Record excerpts Start Marker
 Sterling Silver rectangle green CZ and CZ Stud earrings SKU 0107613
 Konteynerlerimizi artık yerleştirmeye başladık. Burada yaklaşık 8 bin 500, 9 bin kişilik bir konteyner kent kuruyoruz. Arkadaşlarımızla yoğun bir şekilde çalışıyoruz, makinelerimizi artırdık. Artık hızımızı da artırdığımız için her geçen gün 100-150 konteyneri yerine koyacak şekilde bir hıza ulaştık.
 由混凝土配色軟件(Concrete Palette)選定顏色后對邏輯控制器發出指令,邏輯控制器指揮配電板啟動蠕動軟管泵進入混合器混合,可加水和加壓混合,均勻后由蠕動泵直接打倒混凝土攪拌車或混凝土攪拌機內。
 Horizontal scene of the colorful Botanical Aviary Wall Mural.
Record excerpts End Marker
Record excerpts Start Marker
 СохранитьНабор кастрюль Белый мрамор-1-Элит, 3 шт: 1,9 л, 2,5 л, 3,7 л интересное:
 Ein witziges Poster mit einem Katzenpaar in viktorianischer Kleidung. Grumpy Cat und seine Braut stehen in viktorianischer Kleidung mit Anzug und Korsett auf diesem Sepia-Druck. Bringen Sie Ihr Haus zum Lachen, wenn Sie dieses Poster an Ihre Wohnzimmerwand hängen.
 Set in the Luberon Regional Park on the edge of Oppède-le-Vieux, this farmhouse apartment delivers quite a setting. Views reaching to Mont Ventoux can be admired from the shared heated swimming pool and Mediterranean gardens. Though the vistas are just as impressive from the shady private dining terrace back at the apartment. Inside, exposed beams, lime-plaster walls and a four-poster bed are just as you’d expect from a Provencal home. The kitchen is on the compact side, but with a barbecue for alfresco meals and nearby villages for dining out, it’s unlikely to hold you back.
Record excerpts End Marker
Record excerpts Start Marker
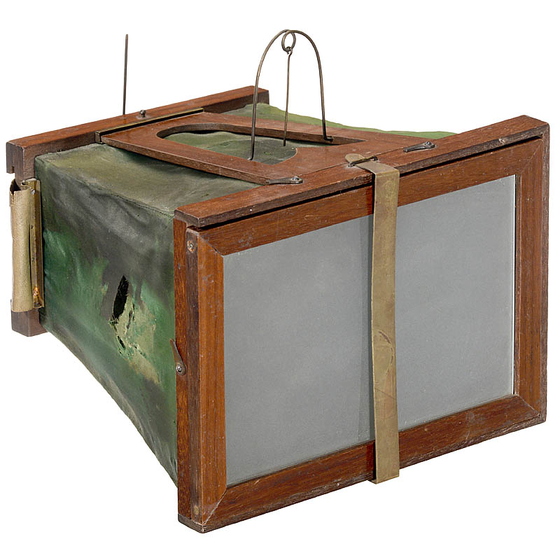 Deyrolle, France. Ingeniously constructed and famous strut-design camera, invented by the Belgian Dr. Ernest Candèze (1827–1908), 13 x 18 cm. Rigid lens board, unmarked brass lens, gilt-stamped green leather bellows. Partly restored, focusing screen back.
Record excerpts End Marker
[What needs to be done] Above are the records; print exactly the lines from the line with "Sterling Silver rectangle" to the line with "Horizontal scene of", including both, and nothing else.

[Finished task]
 Sterling Silver rectangle green CZ and CZ Stud earrings SKU 0107613
 Konteynerlerimizi artık yerleştirmeye başladık. Burada yaklaşık 8 bin 500, 9 bin kişilik bir konteyner kent kuruyoruz. Arkadaşlarımızla yoğun bir şekilde çalışıyoruz, makinelerimizi artırdık. Artık hızımızı da artırdığımız için her geçen gün 100-150 konteyneri yerine koyacak şekilde bir hıza ulaştık.
 由混凝土配色軟件(Concrete Palette)選定顏色后對邏輯控制器發出指令,邏輯控制器指揮配電板啟動蠕動軟管泵進入混合器混合,可加水和加壓混合,均勻后由蠕動泵直接打倒混凝土攪拌車或混凝土攪拌機內。
 Horizontal scene of the colorful Botanical Aviary Wall Mural.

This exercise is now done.